GoDaddy Says Crash Wasn’t Anonymous, It Wasn’t A Hack, It Wasn’t A DDoS. It Was Internal Network Issues

GoDaddy has confirmed that its DNS problems yesterday, which caused thousands of websites to go down for most of the day, are now over. And while an alleged member of the hacktivist group Anonymous was claiming responsibility for the situation yesterday, GoDaddy says that it wasn’t an external network attack that caused it, but rather “a series of internal network events that corrupted router data tables.”

A statement from the company’s interim CEO Scott Wagner further notes: “Once the issues were identified, we took corrective actions for our customers and GoDaddy.com.” The company says that it has put systems into place to prevent this from happening again.

As the company noted yesterday afternoon, no customer data was compromised in the process.

Yesterday a person calling himself Anonymous Own3r claimed responsibility for the attacks. He even went so far as to say yesterday that he was lessening his attack soon, when it was being made clear that recovery was on the way.

This instability in GoDaddy’s network has had (perhaps just coincidentally) an unfortunate correlation to instability at the top of the organization. Wagner assumed the job of CEO at GoDaddy on an interim basis at the end of July after a tumultuous CEO upheaval that first saw “elephant-killing” CEO Bob Parsons step down 10 months ago to be replaced by Warren Adelman for only eight months.

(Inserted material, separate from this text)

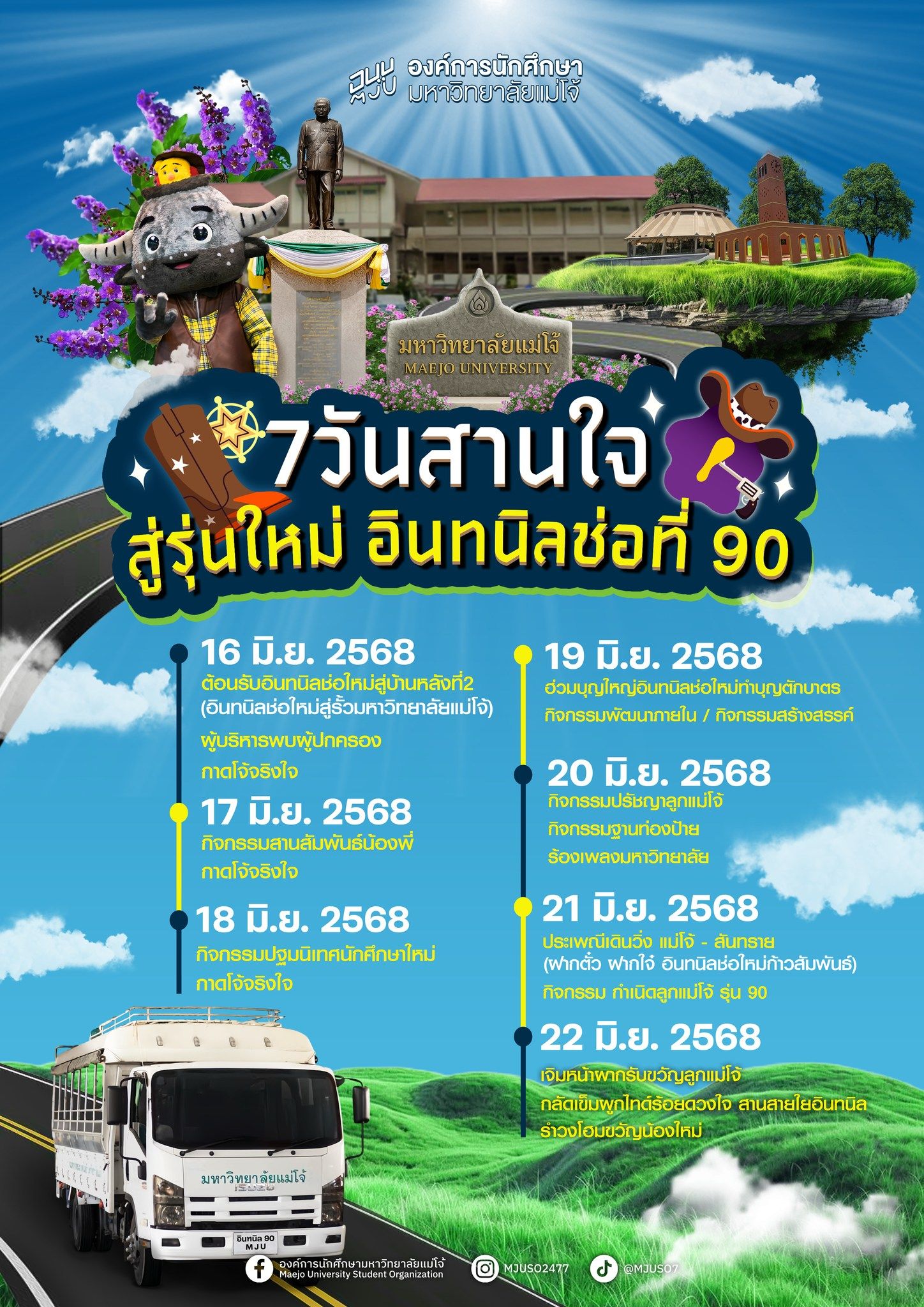 ปีการศึกษา 2568 นักศึกษาใหม่จากทั่วทุกสารทิศ รวมทั้งแม่โจ้-แพร่ฯ/แม่โจ้-ชุมพร จำนวนกว่า 5,500 คน กำลังจะก้าวเข้าสู่รั้วอินทนิล ในฐานะอินทนิลช่อที่ 90 ที่พร้อมจะเบ่งบานและเติบโตอย่างแข็งแกร่ง ซึ่งในปีนี้มหาวิทยาลัยแม่โจ้ ได้มีการจัดเตรียมกิจกรรมต่างๆ เพื่ออำนวยความสะดวก และเตรียมความพร้อมเสริมสร้างอัตลักษณ์ลูกแม่โจ้ หลากหลายกิจกรรม เริ่มตั้งแต่วันที่ 16 มิถุนายน 2568 มีรายละเอียดดังนี้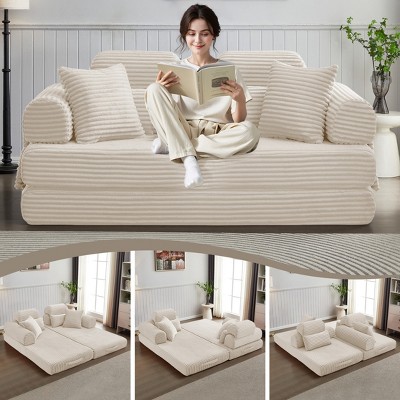 Living Room 4-in-1 Folding Sofa Bed & Chair Bed - Convertible Sleeper, Fold Out Loveseat Sofa Couch w/ Pillow, Tufted Floor Lounge

Wagner in this note writes that GoDaddy had up to now provided a 99.999% update on its DNS infrastructure. “We have let our customers down and we know it.”

The apology may not be enough to convince some. As we reported yesterday, Asana’s Dustin Moskovitz wrote on Quora that the downtime was a spur to his company to finally make the move from GoDaddy. While GoDaddy said it wasn’t a hack, several people seem to be doubting the statement. One example:

Go Daddy Site Outage Investigation Completed

“Yesterday, GoDaddy.com and many of our customers experienced intermittent service outages starting shortly after 10 a.m. PDT. Service was fully restored by 4 p.m. PDT.

The service outage was not caused by external influences. It was not a “hack” and it was not a denial of service attack (DDoS). We have determined the service outage was due to a series of internal network events that corrupted router data tables. Once the issues were identified, we took corrective actions to restore services for our customers and GoDaddy.com.  We have implemented measures to prevent this from occurring again.

At no time was any customer data at risk or were any of our systems compromised.

Throughout our history, we have provided 99.999% uptime in our DNS infrastructure.  This is the level our customers expect from us and the level we expect of ourselves. We have let our customers down and we know it.

We take our business and our customers’ businesses very seriously. We apologize to our customers for these events and thank them for their patience.”